Он улыбнулся. Он сам чувствовал, что не несправедливы были эти слова. «Нет, уж если хотите знать умного человека, так у нас действительно есть один, о котором, точно, можно сказать: умный человек, которого я и подметки не стою».

«Кто ж бы это такой мог быть?» с изумленьем спросил Чичиков.

«Это наш откупщик Муразов».

«В другой уже раз про него слышу!» вскрикнул Чичиков.

«Это человек, который не то, что именьем помещика, целым государством управит. Будь у меня государство, я бы его сей же час сделал министром финансов».

«И, говорят, человек, превосходящий меру всякого вероятия: десять миллионов, говорят, нажил».

«Какое десять! перевалило за сорок! Скоро половина России будет в его руках».

«Что вы говорите!» вскрикнул Чичиков, вытаращив глаза и разинув рот.

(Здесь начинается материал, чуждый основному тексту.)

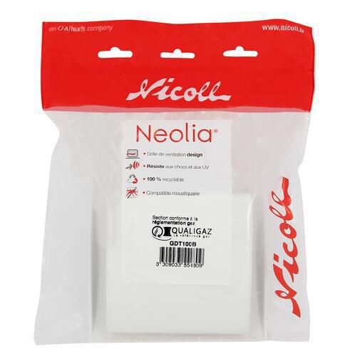 Peut être posée pour ventiler les vides sanitaires. Grille d aération classique - B164 - polystyrène blanc - 179x179x15 mm Choisir une grille de ventilation pour l'esthétique et la performance Chez , les grilles de ventilation sont solides et adaptables à toute configuration. Apposez-les sur carrelage, façade, tuyaux, gaines, vitres de fenêtres ou parois minces. La pose se fait en fonction du support : trouvez la grille qui convient à la configuration existante ou requise. En termes de design... Grille De Ventilation Grille D'aération NEOLIA Spéciale Gaz Blanc 180 X 180 Mm Diamètre 125 Mm - NICOLL Grille Ventilation Conforme à la législation gaz (QUALIGAZ) , pour tube Ø100mm , coloris : blanc Grille DESIGN de ventilation diamètre 100mm (passage d air 50cm²) blanc pour appareil à gaz... SoDescriptionLe produit Grille design avec une forme qui optimise le passage de l'air et casse les courants d'air. Fin de série - Offre exceptionnelle !, ! Son profil protège les murs contre les salissures dues à l'eau. grille design de ventilation - diamètre 100mm - blanc - pour appareil à gaz - nicoll gdt100b

«Всенепременно. Это ясно. Медленно богатеет тот, у кого какие-нибудь сотни тысяч, а у кого миллионы, у того радиус велик: что ни захватит, так вдвое и втрое противу самого себя. Поле-то, поприще слишком просторно. Тут уж и соперников нет. С ним некому тягаться. Какую цену чему ни назначит, такая и останется: некому перебить».

«Господи боже ты мой», проговорил Чичиков, перекрестившись. Смотрел Чичиков в глаза Костанжогло, — захватило дух в груди ему.

«Уму непостижимо! Каменеет мысль от страха. Изумляются мудрости промысла в рассматриваньи букашки; для меня более изумительно то, что в руках смертного могут обращаться такие громадные суммы. Позвольте спросить насчет одного обстоятельства: скажите, ведь это, разумеется, вначале приобретено не без греха?.

«Самым безукоризненным путем и самыми справедливыми средствами».

«Невероятно. Если бы тысячи, но миллионы…»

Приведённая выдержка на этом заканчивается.